Joseph Simon Sleigher was born on 12th June 1922 in Drapeau, Province of Quebec, Canada and was the eldest son of Joseph and Marie (nee Savoie) Sleigher. He was known by his middlename of Simon. He had five sisters; Jeanne, Therese, Marthe, Simone and Gabrielle as well as six brothers; Raymond. Jean-Guy, Eugene, Jos, Regis and Edouard. His brother Raymond had also served in the RCAF during WW2. After leaving school in 1937 he attended a commercial collage in Dalhousie, on the northern border of New Brunswick until 1939 having gained a diploma in commercial studies. In 1940 he began working as an office clerk for the large International Paper Company, based in Dalhousie. The company was one of the world's largest newspaper paper mills at the time. He left this job in 1941 and later took up a job with Crawley and McCracken, at Chute a Caron, Quebec in 1942 also working as an office clerk.

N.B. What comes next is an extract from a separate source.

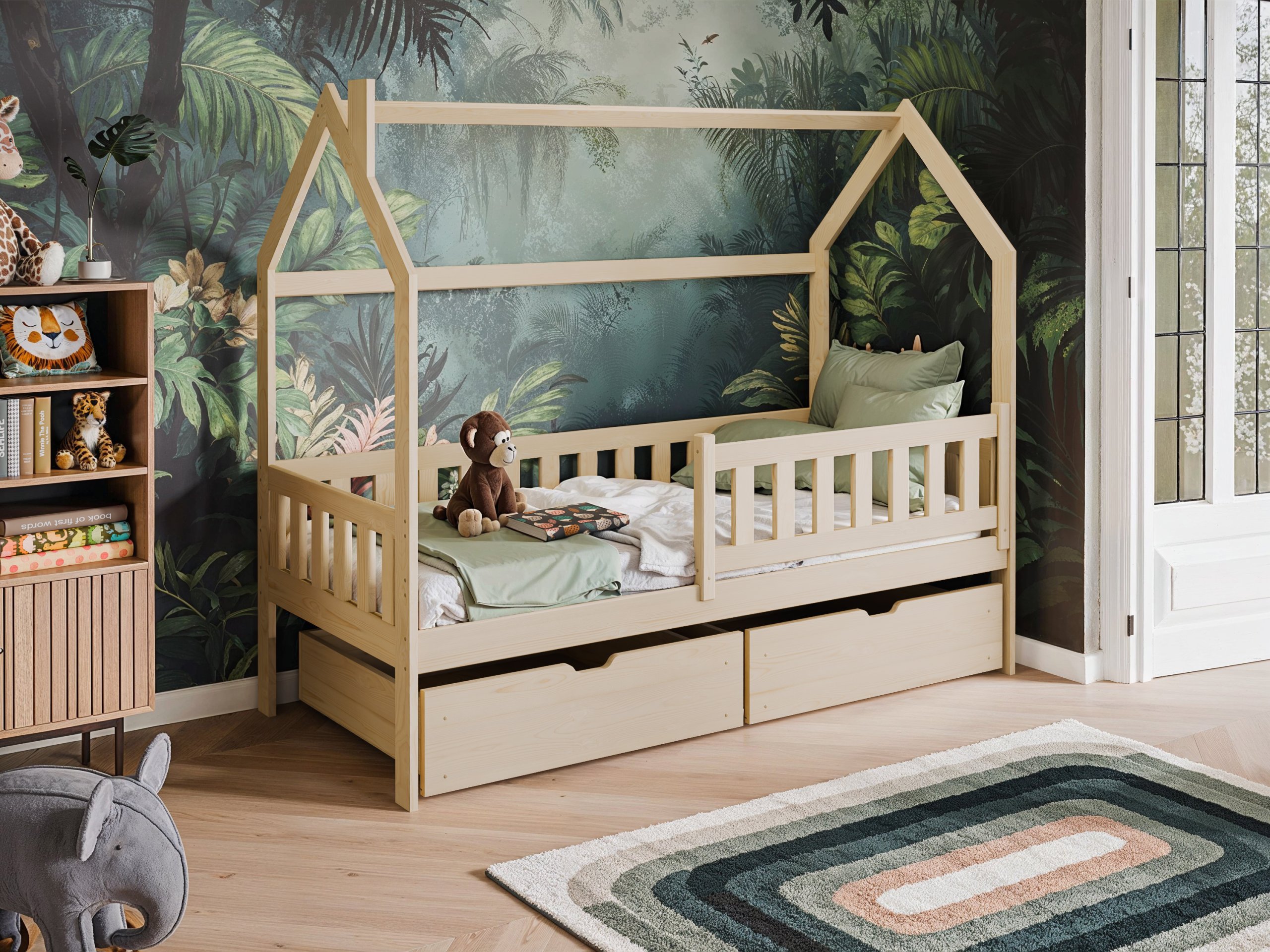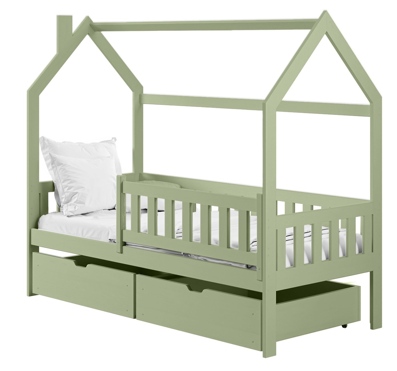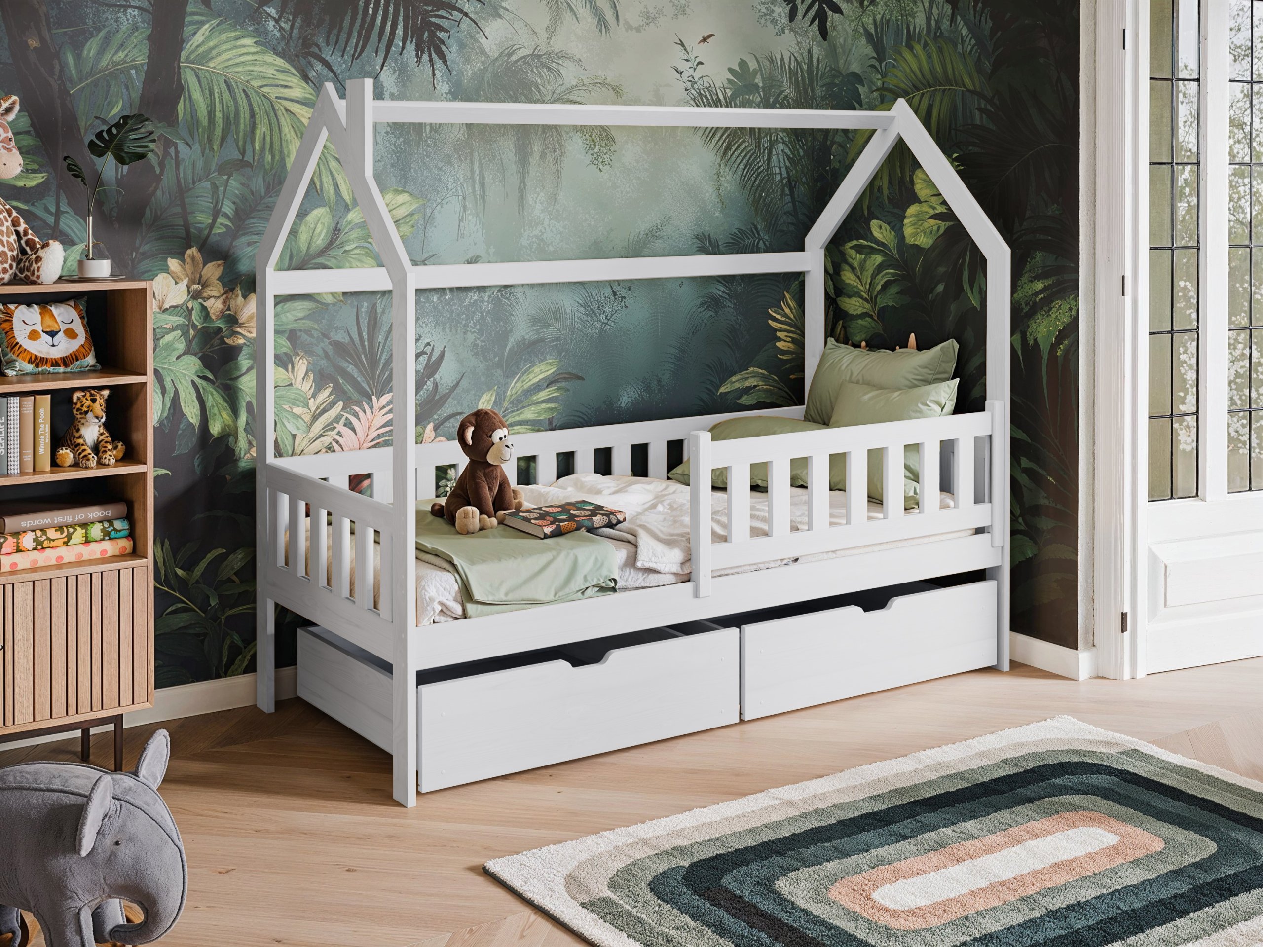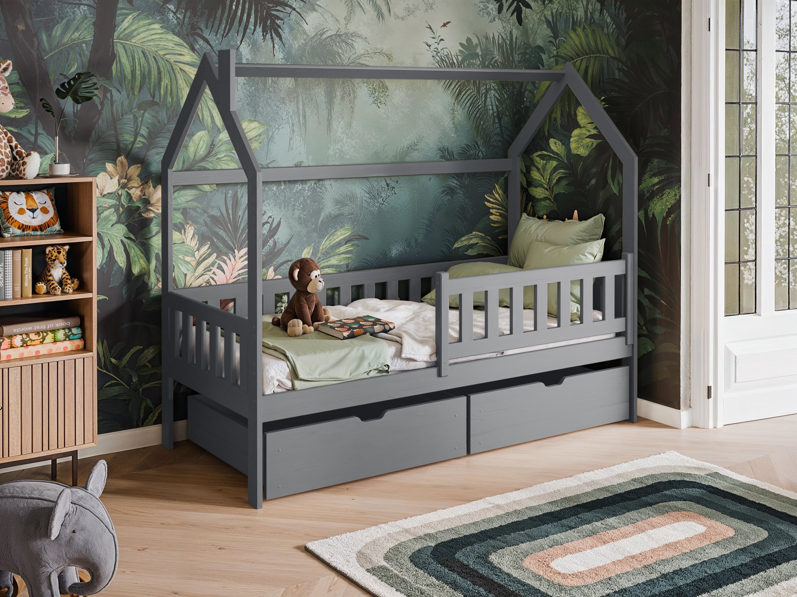 Kućasti oblik okvira daje krevetu karakter koji dječju sobu pretvara u bajkovit prostor. Djeca ga mogu ukrasiti svjetlima, girlandama ili tkaninama i tako stvoriti svoj mali dom unutar sobe. Odabirom boje možete naglasiti prirodan izgled drva ili stvoriti neutralno, suvremeno okruženje. Bijela boja donosi svjetlost i prozračnost, nijansa bora naglašava prirodnu strukturu drva, dok grafit, siva, kašmir i maslina dodaju moderan dodir.

He enlisted for RCAF service on 12th October 1942 in Montreal to train as aircrew (R/195216) and after training in Canada he was awarded his Air Gunners' badge on 25th June 1943. With basic training in Canada completed he left Canada on 16th July 1943 and arrived in the UK seven days later to continue his training. He was posted to 23 OTU at Pershore on 3rd August 1943 where he crewed-up with much of what became the "Evans" crew, they were then posted to Dalton on 15th September 1943 to attend the Battle School, and from Dalton they were posted to 1659 HCU at Topcliffe on 28th September 1943. With regular training completed he and the rest of David Evans' crew were posted to 434 Squadron 26th October 1943 and worked up to becoming an operational crew.
The photograph of Simon Sleigher shown above was taken after he had completed his eighth operational flight, the photograph was kindly supplied by 434 Squadron historian Mr Alan Soderstrom.
Joseph "Simon" Sleigher was twenty one years old when he was killed on the North Yorkshire Moors as a result of the crash of Halifax LL178 on 19th March 1944. He was buried at Harrogate Stonefall Cemetery, Yorkshire on 23rd March 1944. At the time of his death all correspondance listed him in the rank of Sergeant though he appears to have later received a back-dated commission to 3rd March 1944 to the rank of P/O.
A memorial in Nouvelle, Quebec, Canada commemorates Simon Sleigher's loss. In 2005 his brother Mr Raymond Sleigher organised a commemorative ceremony in Nouvelle. I thank a number of members of his family for kindly contacting me since this webpage was first created; firstly to his namesake Mr Simon Sleigher in 2008 and to Mr Guy Dugas and latterly to Mr Joe Landry in November 2012.